**ASSIGNMENT**: Among the entries below, only the lines from the one with "网友A:说实话有的人不痛经,但有的女生痛" through the one with "- گزینه ی Upgrade" are to be retyped, exactly and without pictures.

**SUPPLIED INFORMATION**:
━━━━━━━━━━━━━━━━━━━━━━━━━━━━━━
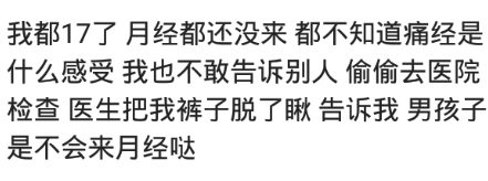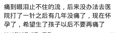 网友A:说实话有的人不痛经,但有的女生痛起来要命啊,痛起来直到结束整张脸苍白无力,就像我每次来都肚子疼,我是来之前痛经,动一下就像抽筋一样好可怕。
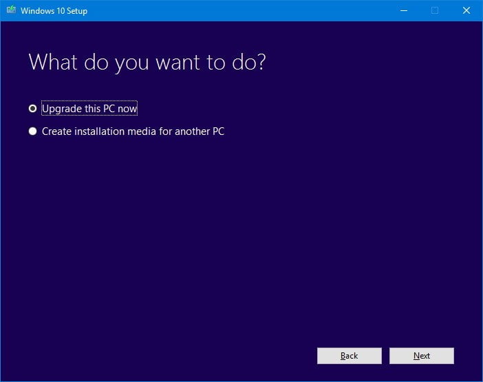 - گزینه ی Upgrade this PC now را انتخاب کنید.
━━━━━━━━━━━━━━━━━━━━━━━━━━━━━━
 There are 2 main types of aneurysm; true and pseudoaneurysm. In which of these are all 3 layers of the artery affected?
━━━━━━━━━━━━━━━━━━━━━━━━━━━━━━
**WRITTEN RESPONSE**:
 网友A:说实话有的人不痛经,但有的女生痛起来要命啊,痛起来直到结束整张脸苍白无力,就像我每次来都肚子疼,我是来之前痛经,动一下就像抽筋一样好可怕。
 - گزینه ی Upgrade this PC now را انتخاب کنید.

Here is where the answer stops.